• _EXERCISE_:
There are pictures in the records below; leave them out and set down exactly the lines from the one holding "v2.0 Update - Major" through the one holding "Relativ jung ist".

• _DATASET CONTENT_:

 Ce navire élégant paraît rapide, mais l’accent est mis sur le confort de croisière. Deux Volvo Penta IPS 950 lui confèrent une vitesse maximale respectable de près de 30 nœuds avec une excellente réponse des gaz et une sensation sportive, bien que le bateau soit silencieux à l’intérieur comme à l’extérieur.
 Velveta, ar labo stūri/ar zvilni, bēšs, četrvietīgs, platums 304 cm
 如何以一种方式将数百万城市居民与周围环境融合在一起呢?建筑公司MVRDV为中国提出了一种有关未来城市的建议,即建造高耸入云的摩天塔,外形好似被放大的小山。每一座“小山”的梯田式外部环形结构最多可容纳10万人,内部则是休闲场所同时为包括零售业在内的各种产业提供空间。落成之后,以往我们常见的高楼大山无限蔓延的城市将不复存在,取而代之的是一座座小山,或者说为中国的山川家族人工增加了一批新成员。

==

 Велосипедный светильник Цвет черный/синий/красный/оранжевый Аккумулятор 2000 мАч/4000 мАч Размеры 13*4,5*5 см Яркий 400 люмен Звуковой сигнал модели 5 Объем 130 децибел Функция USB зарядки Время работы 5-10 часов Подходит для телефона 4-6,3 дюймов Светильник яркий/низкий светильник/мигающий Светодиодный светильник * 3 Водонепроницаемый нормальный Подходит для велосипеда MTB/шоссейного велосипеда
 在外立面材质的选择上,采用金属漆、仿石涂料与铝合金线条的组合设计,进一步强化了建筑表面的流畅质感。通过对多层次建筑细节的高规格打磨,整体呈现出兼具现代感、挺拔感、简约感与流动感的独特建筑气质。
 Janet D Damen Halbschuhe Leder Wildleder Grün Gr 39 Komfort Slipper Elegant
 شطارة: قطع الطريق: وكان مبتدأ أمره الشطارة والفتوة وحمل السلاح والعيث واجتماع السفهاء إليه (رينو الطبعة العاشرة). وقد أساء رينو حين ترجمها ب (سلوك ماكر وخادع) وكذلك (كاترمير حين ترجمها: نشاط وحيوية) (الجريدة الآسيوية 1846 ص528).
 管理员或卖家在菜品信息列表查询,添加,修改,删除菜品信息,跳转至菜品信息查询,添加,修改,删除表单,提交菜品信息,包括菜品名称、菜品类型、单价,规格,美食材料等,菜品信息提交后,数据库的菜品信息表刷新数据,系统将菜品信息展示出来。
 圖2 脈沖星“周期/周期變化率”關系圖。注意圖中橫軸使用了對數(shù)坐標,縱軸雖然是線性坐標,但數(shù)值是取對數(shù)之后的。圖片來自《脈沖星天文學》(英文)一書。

* * *

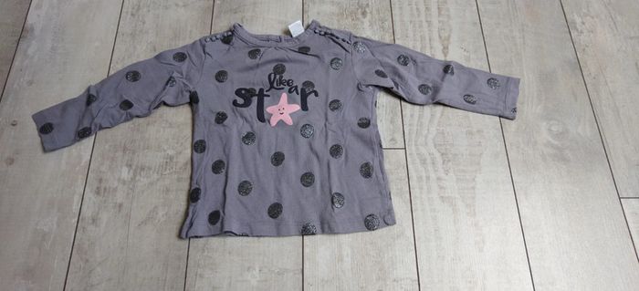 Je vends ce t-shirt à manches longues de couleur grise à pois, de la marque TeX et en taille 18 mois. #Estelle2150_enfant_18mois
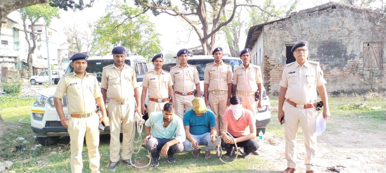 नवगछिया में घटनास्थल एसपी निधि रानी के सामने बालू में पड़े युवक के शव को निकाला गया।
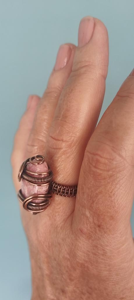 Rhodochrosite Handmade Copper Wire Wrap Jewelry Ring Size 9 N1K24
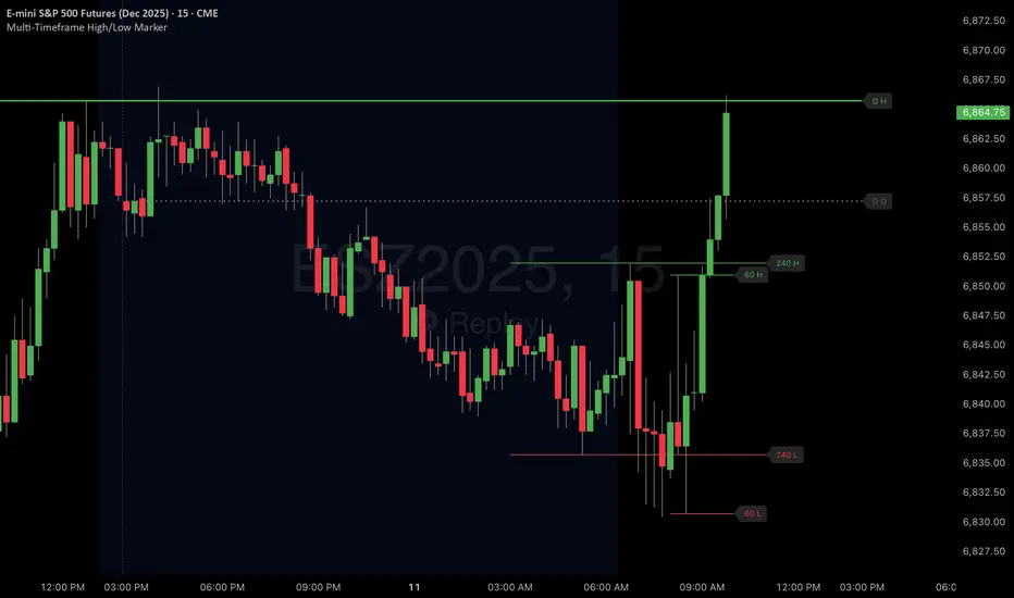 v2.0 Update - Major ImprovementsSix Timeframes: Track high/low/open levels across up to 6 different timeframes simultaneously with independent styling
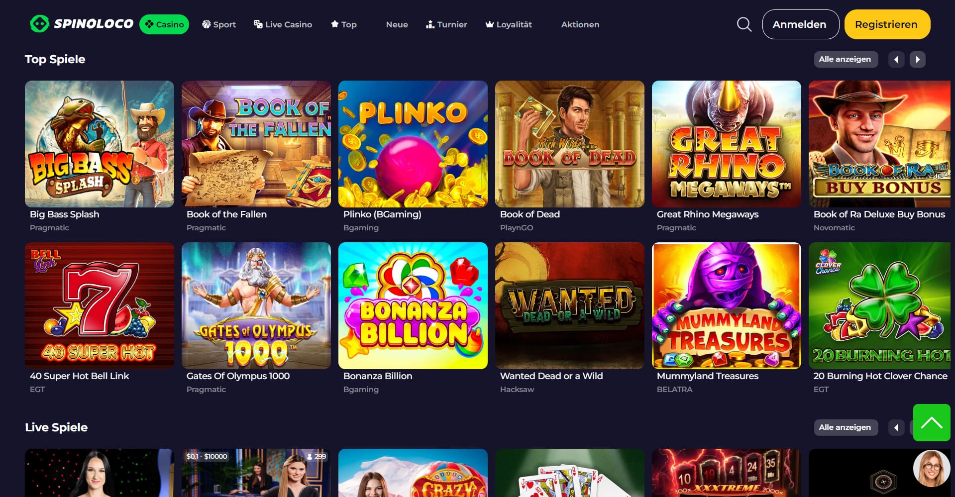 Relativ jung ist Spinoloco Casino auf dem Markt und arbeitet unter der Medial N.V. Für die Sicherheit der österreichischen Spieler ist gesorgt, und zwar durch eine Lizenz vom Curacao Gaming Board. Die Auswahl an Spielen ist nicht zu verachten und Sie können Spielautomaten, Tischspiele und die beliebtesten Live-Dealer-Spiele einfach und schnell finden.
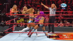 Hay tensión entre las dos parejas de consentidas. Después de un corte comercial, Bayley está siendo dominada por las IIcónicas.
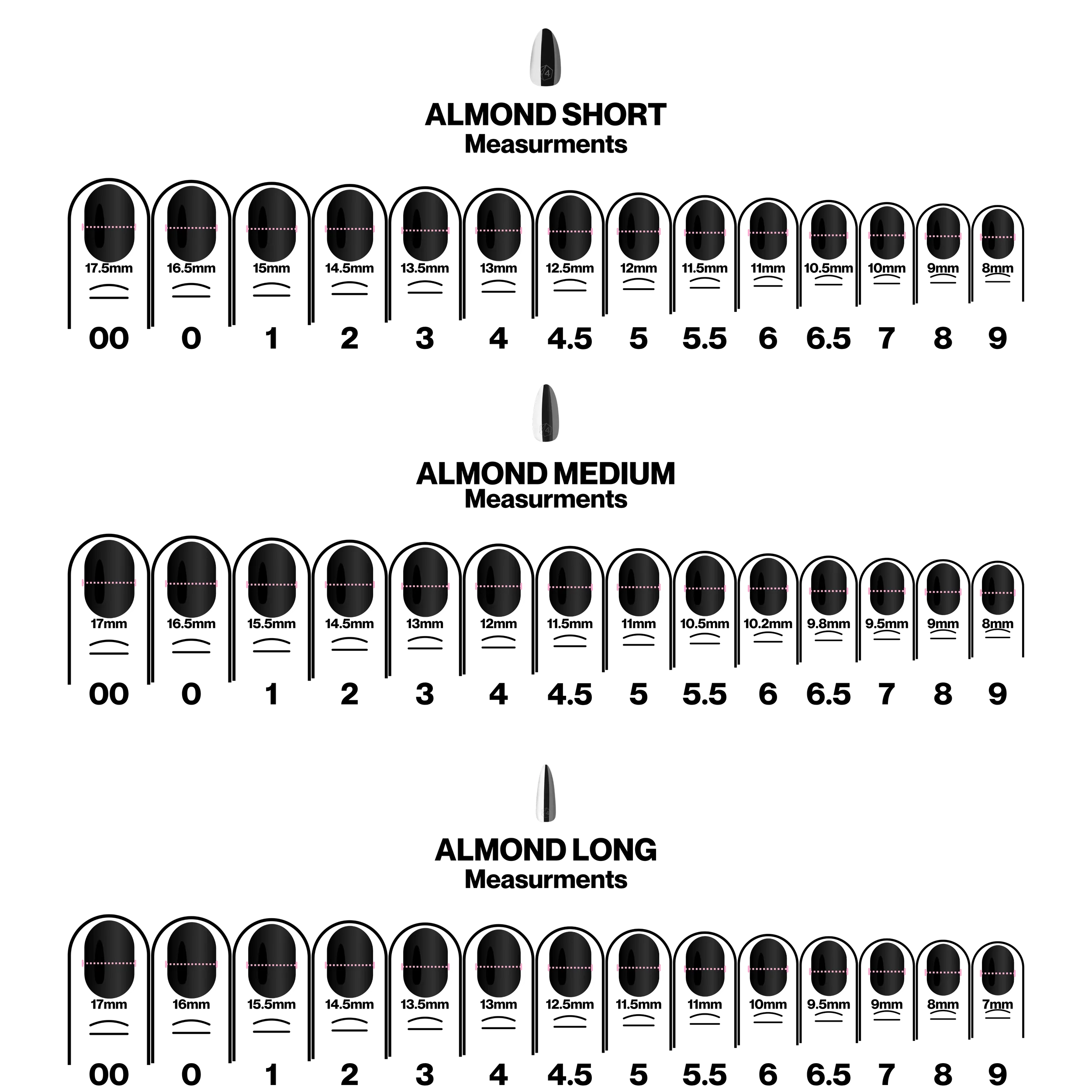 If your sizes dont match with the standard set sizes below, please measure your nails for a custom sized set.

• _RESPONSE BOX_:
 v2.0 Update - Major ImprovementsSix Timeframes: Track high/low/open levels across up to 6 different timeframes simultaneously with independent styling
 Relativ jung ist Spinoloco Casino auf dem Markt und arbeitet unter der Medial N.V. Für die Sicherheit der österreichischen Spieler ist gesorgt, und zwar durch eine Lizenz vom Curacao Gaming Board. Die Auswahl an Spielen ist nicht zu verachten und Sie können Spielautomaten, Tischspiele und die beliebtesten Live-Dealer-Spiele einfach und schnell finden.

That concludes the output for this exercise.